In this short note, authors observe that many studies and economic analyses cannot be replicated due to the sensitive or proprietary nature of the data being used. The reader is left to believe the results exposed, which is contrary to the scientific approach. (Deep) generative models for synthetic data generation can be a solution to share anonymized datasets between economists. An ideal workflow would roughly look like this: 1. Describe the true sensitive/proprietary/private data; 2. Describe the synthetic data generating model which has produced the synthetic dataset; 3. Run the same analyses on both the true and synthetic data; 4. Confirm that results on both datasets are comparable; 5. Publicly release the synthetic dataset.

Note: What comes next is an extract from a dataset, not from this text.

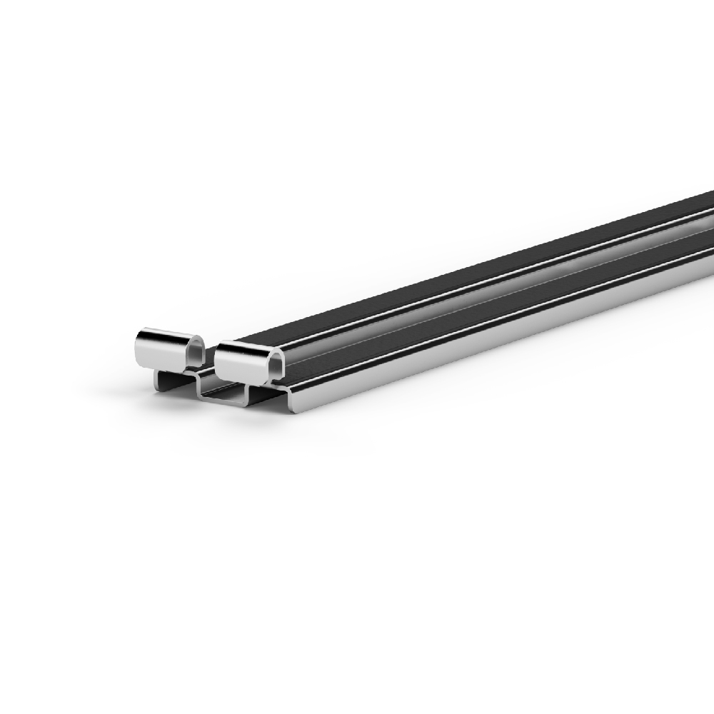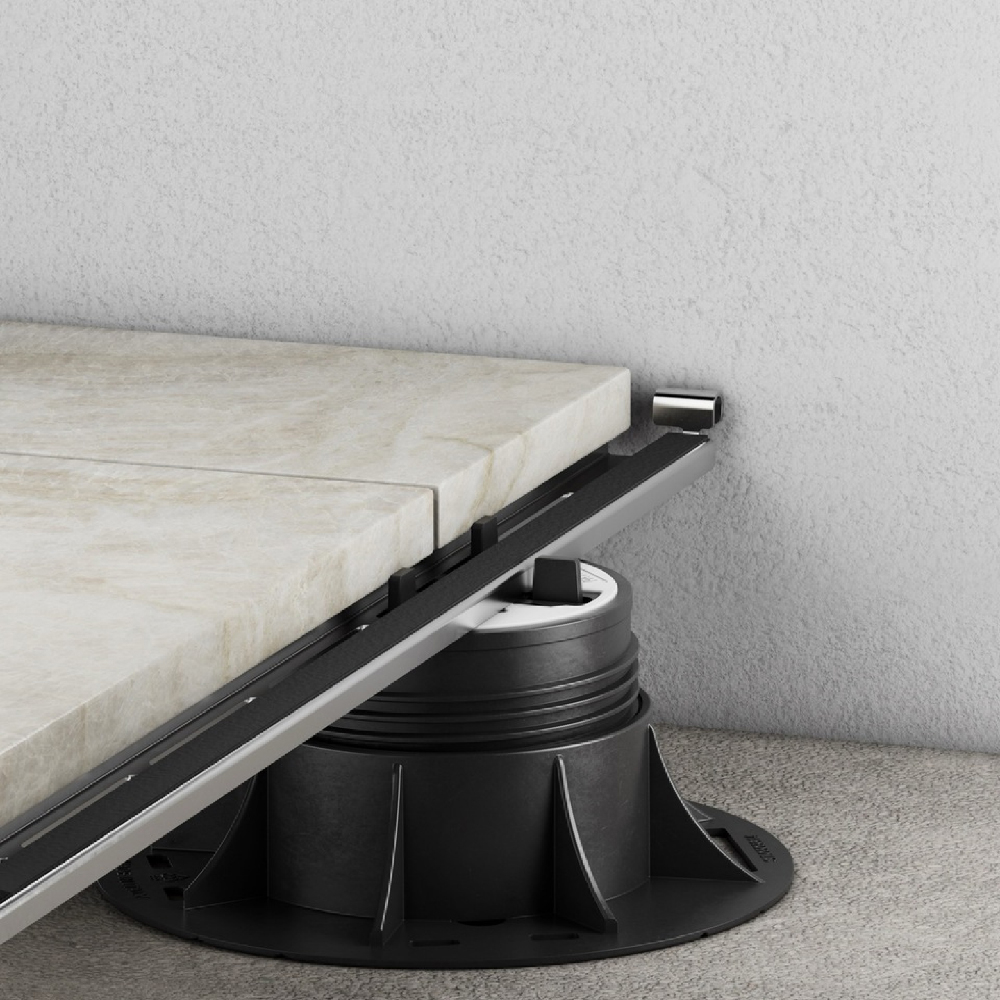 In section, the spacer has grooves for housing the fins and is supplied with a 2/5″ rubber grommet already applied to the surface rails. Thanks to its special shape, it acts both as a plate block and as a perimeter spacer, creating a 2/5″ gap from the wall. It is also equipped with ferritories to facilitate water drainage.

Authors list a couple of generative models for synthetic data: The Synthetic Data Vault (based on multivariate Gaussian copulas); Auto-encoder based techniques (some of which are differentially private, but can still be susceptible to model inversion and GAN-based attacks); Generative Adversarial Networks (GANs); Autoregressive models; Normalizing Flow models; Energy-based models. These models can be useful to redesign standard Monte Carlo studies, and robustness checks to confirm that perturbing the true data (when generating synthetic data) does not break results.

# Modeling and Generating Financial Time Series

(e.g. financial assets returns)

Authors advocate for the use of Conditional Generative Adversarial Networks (cGANs) to learn and simulate time series data with financial risk applications in mind. Authors notably show that Value-at-Risk (VaR) and Expected Shortfall (ES) estimates obtained from cGAN simulations are more accurate than the ones obtained from the standard historical simulations, meaning that cGAN-based estimates are closer to the realized values (number of VaR breaches is about right for cGAN whereas VaR is underestimated for historical simulations leading to a too high number of VaR breaches; cGAN-based ES is close to the actual ES whereas historical simulations based ES is underestimated). Authors also show that a conditional GAN could be used as an economic forecasting model, a compelling alternative to large-scale econometric models like MAUS (Macro Advisers US Model) which can only produce a single forecast for a given condition whereas a cGAN model can generate a forecast distribution. Besides working with real financial data (two stocks time series for the VaR example, and unemployment rate, GDP time series for the macroeconomic use case), authors discuss at length the ability for a cGAN to recover an underlying known data generative process: 1. Gaussian Mixture Models; 2. VAR models with switching regimes (approx. macroeconomic index data); 3. GARCH models (approx. 1-day stock returns). cGANs are able to recover the underlying model well (at least matching statistics). However, it depends (quite obviously) on the sample size… Practitioners, beware!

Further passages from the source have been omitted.